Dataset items

········

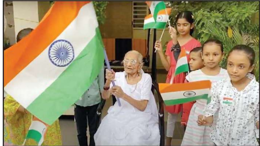
આઝાદીના અમૃત મહોત્સવની ઉજવણીના ભાગરૂપે 'હર ઘર તિરંગા' અભિયાન અંતર્ગત શનિવારે ગાંધીનગરના રાયસણમાં વડાપ્રધાન નરેન્દ્ર મોદીના માતૃશ્રી હીરાબાએ ૧૦૦ વર્ષની જૈકવચે પણ પોતાના નિવાસસ્થાને મધ્યમ વર્ગીય અને સામાન્ય પરિવારોના બાળકોને તિરંગાનું વિતરણ કર્યું હતું. તેમજ તેમની સાથે તેમણે પોતે પણ તિરંગો લહેરાવીને રાષ્ટ્રભાવના વ્યક્ત કરી હતી.

રૂ. ૨૪,૬૪,૦૦૦ જેટલો મુદામાલ કબજે કર્યો હતો. પોલીસે આ ઓફિસના કર્મચોરની પણ પૂછપરછ હોવાનું જાણવા મળ્યું હતું.
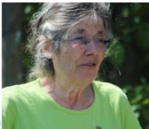
Décédée, l'amoureuse de la nature continue à inspirer...
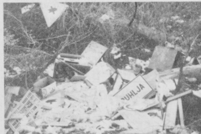
Spuhlja na smetišču.

PRI ROKU: Že na sami tabli pri smetišču ob Roku piše, da je tja dovoljeno voziti le odpadni gradbeni material in zemljo. Pa vendar ptujsko Cestno podjetje tega ne upošteva. Dokaz vidite na sliki.
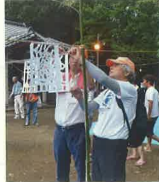
神楽などの伝統芸能のサポート
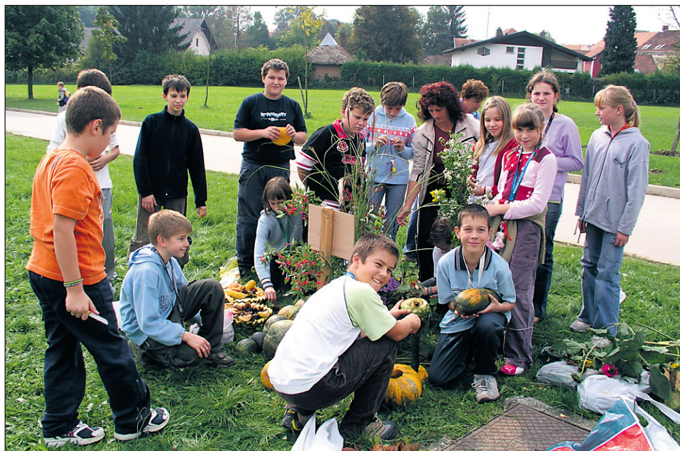
Učenci so bili pri delu zelo zavzeti, še posebej so se okrog svoje bučne gosence in jesenskega aranžmaja trudili učenci 5. b-razreda.

········

## Action item
Give back all entries exactly. No pictures belong in the copy.

## Answer section
આઝાદીના અમૃત મહોત્સવની ઉજવણીના ભાગરૂપે 'હર ઘર તિરંગા' અભિયાન અંતર્ગત શનિવારે ગાંધીનગરના રાયસણમાં વડાપ્રધાન નરેન્દ્ર મોદીના માતૃશ્રી હીરાબાએ ૧૦૦ વર્ષની જૈકવચે પણ પોતાના નિવાસસ્થાને મધ્યમ વર્ગીય અને સામાન્ય પરિવારોના બાળકોને તિરંગાનું વિતરણ કર્યું હતું. તેમજ તેમની સાથે તેમણે પોતે પણ તિરંગો લહેરાવીને રાષ્ટ્રભાવના વ્યક્ત કરી હતી.

રૂ. ૨૪,૬૪,૦૦૦ જેટલો મુદામાલ કબજે કર્યો હતો. પોલીસે આ ઓફિસના કર્મચોરની પણ પૂછપરછ હોવાનું જાણવા મળ્યું હતું.
Décédée, l'amoureuse de la nature continue à inspirer...
Spuhlja na smetišču.

PRI ROKU: Že na sami tabli pri smetišču ob Roku piše, da je tja dovoljeno voziti le odpadni gradbeni material in zemljo. Pa vendar ptujsko Cestno podjetje tega ne upošteva. Dokaz vidite na sliki.
神楽などの伝統芸能のサポート
Učenci so bili pri delu zelo zavzeti, še posebej so se okrog svoje bučne gosence in jesenskega aranžmaja trudili učenci 5. b-razreda.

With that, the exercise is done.